§ Information supplied:
........
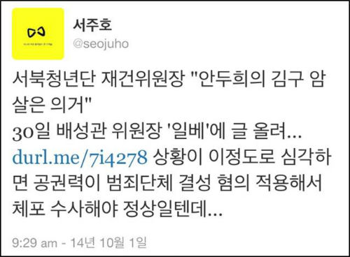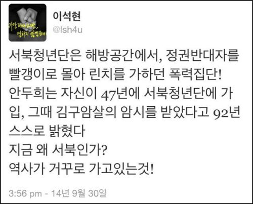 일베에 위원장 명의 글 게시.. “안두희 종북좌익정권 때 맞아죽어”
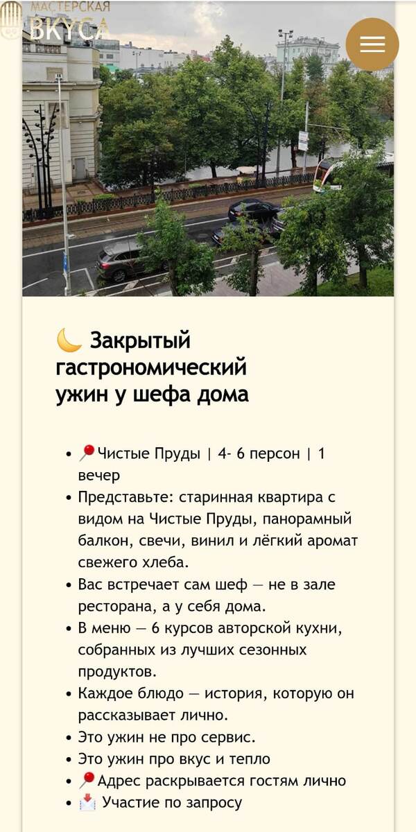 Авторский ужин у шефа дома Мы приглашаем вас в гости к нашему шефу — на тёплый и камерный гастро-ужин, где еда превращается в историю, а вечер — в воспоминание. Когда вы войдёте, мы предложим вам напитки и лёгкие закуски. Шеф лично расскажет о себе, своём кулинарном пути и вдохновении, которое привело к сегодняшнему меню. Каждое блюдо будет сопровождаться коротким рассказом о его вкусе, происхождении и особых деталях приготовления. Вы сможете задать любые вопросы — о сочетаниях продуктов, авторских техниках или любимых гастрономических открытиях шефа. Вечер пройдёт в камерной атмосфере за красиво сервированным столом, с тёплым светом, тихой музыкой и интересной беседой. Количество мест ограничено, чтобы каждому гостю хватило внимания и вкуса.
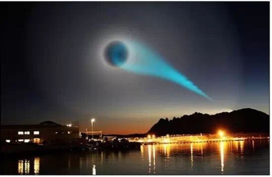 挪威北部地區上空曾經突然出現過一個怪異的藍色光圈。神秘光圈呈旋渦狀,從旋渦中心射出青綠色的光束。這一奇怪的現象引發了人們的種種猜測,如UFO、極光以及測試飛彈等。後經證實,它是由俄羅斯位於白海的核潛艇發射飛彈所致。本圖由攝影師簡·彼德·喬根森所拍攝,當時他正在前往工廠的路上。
........
§ What you will do:
Transcribe the whole listing above exactly and leave out the pictures.

§ Response box:
 일베에 위원장 명의 글 게시.. “안두희 종북좌익정권 때 맞아죽어”
 Авторский ужин у шефа дома Мы приглашаем вас в гости к нашему шефу — на тёплый и камерный гастро-ужин, где еда превращается в историю, а вечер — в воспоминание. Когда вы войдёте, мы предложим вам напитки и лёгкие закуски. Шеф лично расскажет о себе, своём кулинарном пути и вдохновении, которое привело к сегодняшнему меню. Каждое блюдо будет сопровождаться коротким рассказом о его вкусе, происхождении и особых деталях приготовления. Вы сможете задать любые вопросы — о сочетаниях продуктов, авторских техниках или любимых гастрономических открытиях шефа. Вечер пройдёт в камерной атмосфере за красиво сервированным столом, с тёплым светом, тихой музыкой и интересной беседой. Количество мест ограничено, чтобы каждому гостю хватило внимания и вкуса.
 挪威北部地區上空曾經突然出現過一個怪異的藍色光圈。神秘光圈呈旋渦狀,從旋渦中心射出青綠色的光束。這一奇怪的現象引發了人們的種種猜測,如UFO、極光以及測試飛彈等。後經證實,它是由俄羅斯位於白海的核潛艇發射飛彈所致。本圖由攝影師簡·彼德·喬根森所拍攝,當時他正在前往工廠的路上。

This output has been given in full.